WHAT YOU SHOULD DO → In the records below, find the line with "the system. |" and repeat exactly every line from it through the line with "廣汽豐田漢蘭達和進口大眾途銳". Pictures stay out.

DATA EXCERPTS →

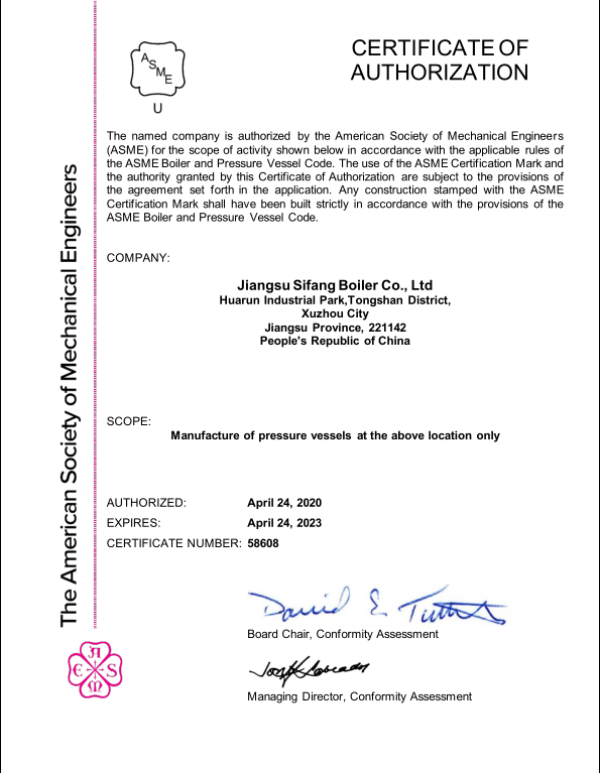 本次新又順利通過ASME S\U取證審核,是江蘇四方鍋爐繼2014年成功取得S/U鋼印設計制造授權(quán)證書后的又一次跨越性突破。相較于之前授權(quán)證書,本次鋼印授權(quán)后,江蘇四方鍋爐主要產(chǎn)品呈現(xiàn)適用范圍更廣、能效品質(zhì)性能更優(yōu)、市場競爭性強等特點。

...

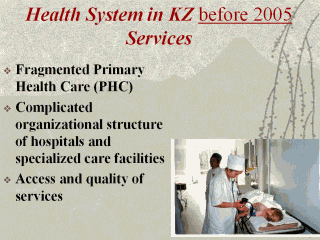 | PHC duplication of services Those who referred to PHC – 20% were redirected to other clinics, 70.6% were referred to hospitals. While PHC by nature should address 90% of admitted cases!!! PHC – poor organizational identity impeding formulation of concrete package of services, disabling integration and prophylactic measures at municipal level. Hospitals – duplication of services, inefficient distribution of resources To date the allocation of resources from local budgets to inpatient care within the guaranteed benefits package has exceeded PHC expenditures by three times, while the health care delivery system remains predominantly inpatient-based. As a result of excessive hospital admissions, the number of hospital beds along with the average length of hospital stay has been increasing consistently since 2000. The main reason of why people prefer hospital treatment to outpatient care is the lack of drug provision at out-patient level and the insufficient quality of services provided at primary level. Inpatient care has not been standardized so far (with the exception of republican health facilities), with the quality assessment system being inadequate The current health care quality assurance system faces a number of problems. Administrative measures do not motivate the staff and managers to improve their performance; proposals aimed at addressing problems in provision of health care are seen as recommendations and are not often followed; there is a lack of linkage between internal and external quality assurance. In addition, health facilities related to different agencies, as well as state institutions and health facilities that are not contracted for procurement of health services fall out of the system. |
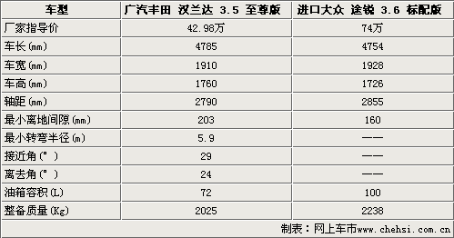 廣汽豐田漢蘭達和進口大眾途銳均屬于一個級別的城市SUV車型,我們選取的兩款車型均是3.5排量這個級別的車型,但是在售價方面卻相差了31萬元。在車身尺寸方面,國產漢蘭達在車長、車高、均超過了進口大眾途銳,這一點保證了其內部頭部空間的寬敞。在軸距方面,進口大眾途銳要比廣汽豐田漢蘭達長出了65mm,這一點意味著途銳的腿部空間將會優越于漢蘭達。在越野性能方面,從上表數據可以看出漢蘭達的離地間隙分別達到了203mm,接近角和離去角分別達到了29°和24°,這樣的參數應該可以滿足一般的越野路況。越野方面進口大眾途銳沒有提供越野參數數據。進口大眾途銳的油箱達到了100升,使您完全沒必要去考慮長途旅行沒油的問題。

RESULT →
 | PHC duplication of services Those who referred to PHC – 20% were redirected to other clinics, 70.6% were referred to hospitals. While PHC by nature should address 90% of admitted cases!!! PHC – poor organizational identity impeding formulation of concrete package of services, disabling integration and prophylactic measures at municipal level. Hospitals – duplication of services, inefficient distribution of resources To date the allocation of resources from local budgets to inpatient care within the guaranteed benefits package has exceeded PHC expenditures by three times, while the health care delivery system remains predominantly inpatient-based. As a result of excessive hospital admissions, the number of hospital beds along with the average length of hospital stay has been increasing consistently since 2000. The main reason of why people prefer hospital treatment to outpatient care is the lack of drug provision at out-patient level and the insufficient quality of services provided at primary level. Inpatient care has not been standardized so far (with the exception of republican health facilities), with the quality assessment system being inadequate The current health care quality assurance system faces a number of problems. Administrative measures do not motivate the staff and managers to improve their performance; proposals aimed at addressing problems in provision of health care are seen as recommendations and are not often followed; there is a lack of linkage between internal and external quality assurance. In addition, health facilities related to different agencies, as well as state institutions and health facilities that are not contracted for procurement of health services fall out of the system. |
 廣汽豐田漢蘭達和進口大眾途銳均屬于一個級別的城市SUV車型,我們選取的兩款車型均是3.5排量這個級別的車型,但是在售價方面卻相差了31萬元。在車身尺寸方面,國產漢蘭達在車長、車高、均超過了進口大眾途銳,這一點保證了其內部頭部空間的寬敞。在軸距方面,進口大眾途銳要比廣汽豐田漢蘭達長出了65mm,這一點意味著途銳的腿部空間將會優越于漢蘭達。在越野性能方面,從上表數據可以看出漢蘭達的離地間隙分別達到了203mm,接近角和離去角分別達到了29°和24°,這樣的參數應該可以滿足一般的越野路況。越野方面進口大眾途銳沒有提供越野參數數據。進口大眾途銳的油箱達到了100升,使您完全沒必要去考慮長途旅行沒油的問題。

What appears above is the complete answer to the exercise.